Человек с ружьем
Во многих странах государственный гимн никогда не менялся. Это нерушимый и неприкасаемый атрибут государства. В России гимн менялся множество раз. Всякий раз – по политическим мотивам.
При дворе императрицы Екатерины II оркестры играли «Гром победы, раздавайся». Музыку написал Юзеф (Осип) Козловский, любимец князя Потемкина-Таврического, директор его музыкальной капеллы. Стихи Гавриила Державина.
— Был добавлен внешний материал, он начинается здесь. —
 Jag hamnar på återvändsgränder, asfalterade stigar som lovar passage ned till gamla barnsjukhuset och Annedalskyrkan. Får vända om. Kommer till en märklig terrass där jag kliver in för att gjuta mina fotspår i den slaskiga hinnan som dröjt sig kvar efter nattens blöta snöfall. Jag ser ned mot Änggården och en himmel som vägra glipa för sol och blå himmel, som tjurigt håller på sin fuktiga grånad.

Он написал их, восхищенный победами Суворова, взявшего крепость Измаил.
После победы над Наполеоном при дворе императора Александра I зазвучало «Боже, храни короля», это гимн Великобритании, союзника по совместной борьбе с Францией. Василий Жуковский перевел текст на русский язык.
Первый государственный гимн Российской империи был написан при Николае I и на английский манер начинался словами «Боже, царя храни». Музыка директора придворной Певческой капеллы Алексея Львова. Слова Василия Жуковского. В последний раз «Боже, царя храни» исполняли искренне и истово, когда началась Первая мировая война. Толпы выходили на улицу с флагами и хоругвями, молились о даровании победы русскому оружию. Гимн разделил судьбу монархии.
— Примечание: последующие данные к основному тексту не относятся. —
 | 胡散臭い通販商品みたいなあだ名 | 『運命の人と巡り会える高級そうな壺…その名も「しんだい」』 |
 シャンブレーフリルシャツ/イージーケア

После Февральской революции гимном России стала французская «Марсельеза», «Боевая песня рейнской армии». Ее написал охваченный патриотическим порывом инженер Клод Жозеф Руже де Лиль, узнав в 1792 году, что республиканская Франция объявила войну монархической Австрии. Песню впервые исполнили марсельцы, спешившие на помощь революционному Парижу, поэтому песня называется «Марсельезой», то есть «Марсельской».
Поколения свободомыслящих россиян воспитывались в восхищении перед Французской революцией, и после февраля 1917 года под «Марсельезу» маршировали воинские части, ее исполняли при встрече иностранных делегаций и даже в театрах перед началом спектаклей. Народник Петр Лаврович Лавров перевел «Марсельезу» на русский. Первые слова «Отречемся от старого мира!» точно соответствовали настроениям того времени. Французский дипломат вспоминал революционные песнопения на улицах Петрограда: «Тенора требовали голов аристократов, сопрано – голову царя, басы вообще же не желали никого щадить».
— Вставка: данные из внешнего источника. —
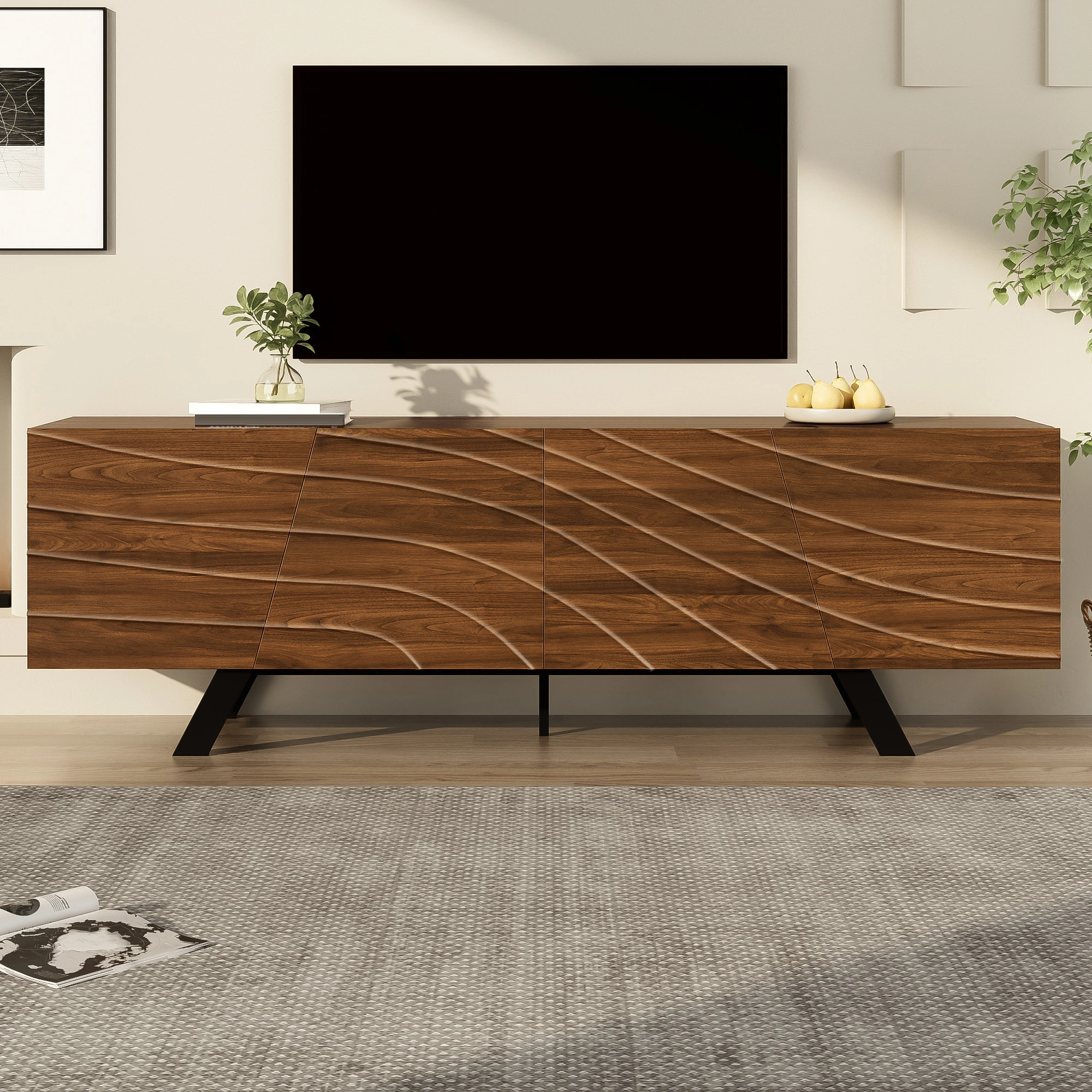 Современная мебель под телевизор с гофрированными дверцами и встроенным пространством для хранения, орех

Все, что делалось после Февраля, делалось слишком поздно, слишком медленно – словом, половинчато. Упущения и ошибки складывались в роковую цепь, под бременем которой республика пала. Более точно определить раздвоенную душу Февраля, считал Федор Степун, чем это сделал Керенский, нельзя:
– Какая мука все видеть, все понимать, знать, что надо делать, и сделать этого не сметь!
Но почему Временное правительство не сделало то, чего от него ожидали? Керенский и его министры не считали возможным принять кардинальные решения, меняющие судьбу страны, поскольку это прерогатива представительной власти. После отречения царя постановили, что соберется Учредительное собрание, определит государственное устройство, сформирует правительство и примет новые законы. Временное правительство потому и называлось временным, что должно было действовать только до созыва собрания.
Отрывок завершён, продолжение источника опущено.